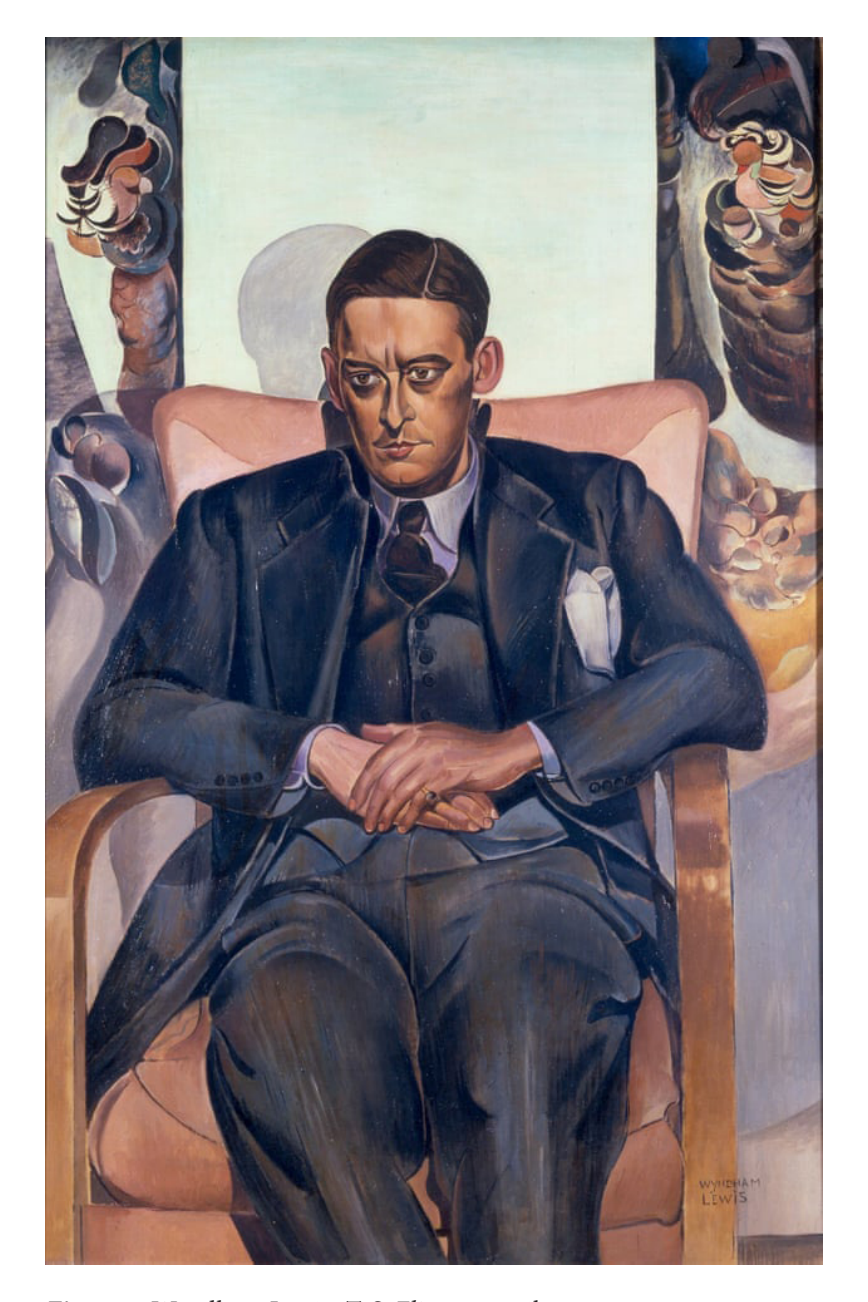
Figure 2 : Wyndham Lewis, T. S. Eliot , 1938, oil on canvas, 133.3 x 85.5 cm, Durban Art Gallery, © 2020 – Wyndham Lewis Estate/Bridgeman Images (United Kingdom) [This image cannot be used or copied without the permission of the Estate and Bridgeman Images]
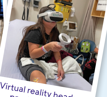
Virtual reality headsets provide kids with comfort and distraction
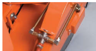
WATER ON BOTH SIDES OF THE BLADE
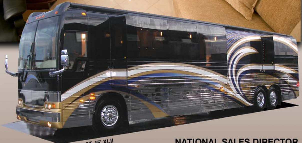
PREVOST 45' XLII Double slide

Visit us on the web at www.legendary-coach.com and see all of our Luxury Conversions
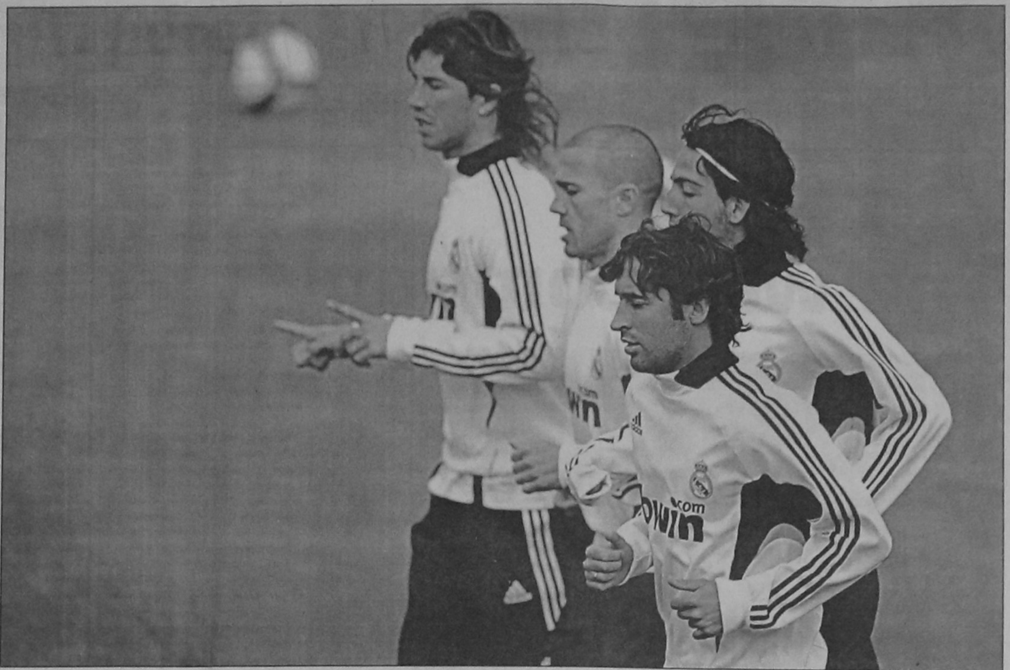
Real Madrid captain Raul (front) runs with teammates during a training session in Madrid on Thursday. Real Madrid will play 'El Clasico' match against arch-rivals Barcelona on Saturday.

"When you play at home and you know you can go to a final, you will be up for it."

※

TASK GOAL> A verbatim copy of the records above, without pictures, is required.

RESPONSE TO THE TASK>
Figure 2 : Wyndham Lewis, T. S. Eliot , 1938, oil on canvas, 133.3 x 85.5 cm, Durban Art Gallery, © 2020 – Wyndham Lewis Estate/Bridgeman Images (United Kingdom) [This image cannot be used or copied without the permission of the Estate and Bridgeman Images]
Virtual reality headsets provide kids with comfort and distraction
WATER ON BOTH SIDES OF THE BLADE
PREVOST 45' XLII Double slide

Visit us on the web at www.legendary-coach.com and see all of our Luxury Conversions
Real Madrid captain Raul (front) runs with teammates during a training session in Madrid on Thursday. Real Madrid will play 'El Clasico' match against arch-rivals Barcelona on Saturday.

"When you play at home and you know you can go to a final, you will be up for it."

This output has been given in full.